Throughout the past ten years, many in the sprawling global insurance industry watched as others across the financial sector adapted to the inevitable digital revolution. In Canada, more than three quarters, or 76%, of people are using digital channels to conduct most of their banking transactions, with the strongest uptake seen in the younger demographics. But the majority of insurance applications are still completed using pen and paper. 

These organizations have become so large that modernization moves slowly. Long decision cycles hamper their ability to make strategic service improvements. Especially when it relates to fundamental process changes or implementing technology to efficiently capture new target audiences and address existing client needs.

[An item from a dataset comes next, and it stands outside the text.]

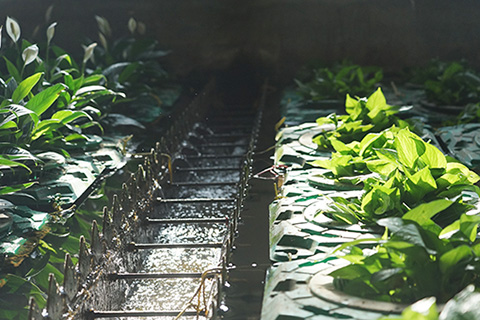 初春時分,在青海西寧市第一再生水廠車間內,潺潺流水自管道中流出,水池內的綠蘿在「貪婪」地吸收水分,綠色的葉片在陽光照射下熠熠生輝。
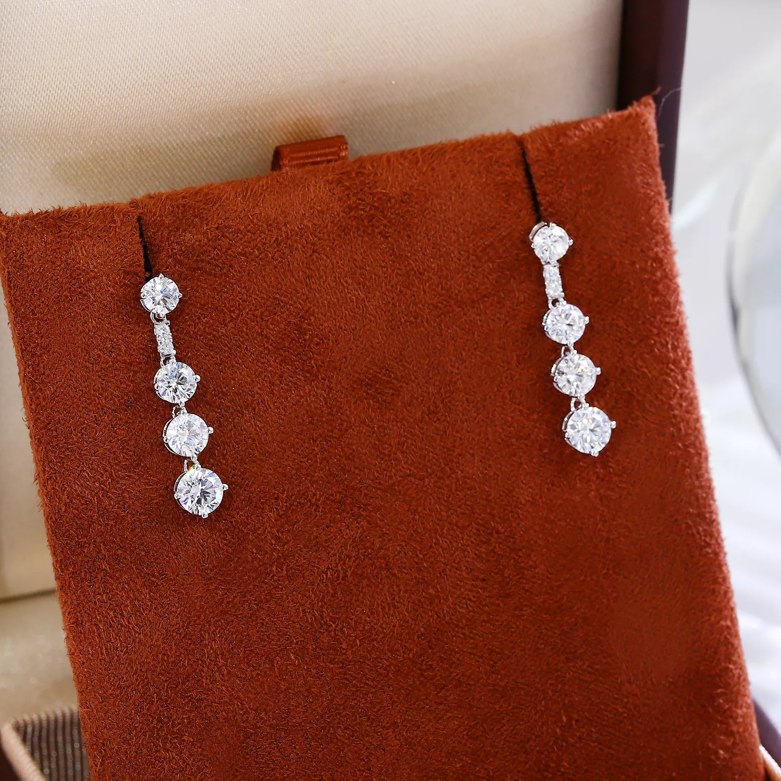 Illuminate your look with these exquisite classic round lab diamond dangle earrings in 18k white gold. This timeless linear design features a breathtaking cascade of brilliant, round-cut lab diamonds, designed to sway gracefully and capture light with every movement. Each diamond is expertly set to maximize its fire, creating a stunning stream of sparkle from lobe to shoulder. As the perfect accessory for a bride or the elegant finishing touch for a formal gala, these dangle earrings embody ethical luxury and unforgettable sophistication.

While they wanted to realize the benefits of digital innovations, innovation for life insurers wasn’t going to be easy — for three main reasons:

  1. The considerable amount of analog processes that need to be digitized.
  2. The variability of data points used to calculate policies.
  3. The need to maintain the customer-advisor-insurer relationship throughout the application.

In seeking to address these problems, providers face a choice. Do you build an in-house digital option, or do you buy a Software-as-a-Service (SaaS) platform from a dedicated specialist? Which will give you the best return on your investment? 

In this paper, we will analyze both options to determine which offers the best opportunity for sustained growth. We will explore the key elements of the decision-making process which executives face when shifting their strategies towards an increasingly online consumer. Organizations must analyze how each potential solution will deliver against:

  • Time to market
    • What is realistic? 
    • How long will it take to be fully up and running? 
    • Will other systems or processes be affected? 
    • When will the platform be able to handle customer traffic? 
  • Return on investment 
    • How quickly will the platform generate additional revenue? 
    • Will it achieve the end goal? 
    • What is the cost difference between each option that will affect the payback period?
  • Organizational change 
    • How many new employees will need to be hired and how much training will be required? 
    • How quickly will it be picked up by existing team members? 
    • Are the other departments up to speed and ready to receive more business?
  • Customization, maintenance and security 
    • Is the need well addressed by the solution, or will there be a compromise? 
    • Can the platform iterate to new, improved versions quickly?

Making the right decision

The first two questions typically asked by the executive team before deciding on a new capital investment are:

  1. How long is it going to take?
  2. How much is it going to cost? 

If they are considering an in-house solution, both of these answers can be ambiguous. It is hard to estimate time and cost for something that hasn’t been done before. Both depend on a number of upfront choices the organization makes, such as who will be running the project, what other systems does it need to tie into, are any data migrations necessary, etc. 

Upper management may designate an internal team to carry out the scoping of the project requirements followed by its delivery. Team members will consist of stakeholders who understand the processes being digitized and who usually have other projects going at the same time. There will also likely be dedicated people brought on either as contractors or full time to manage the platform build, implementation, and ongoing functionality. 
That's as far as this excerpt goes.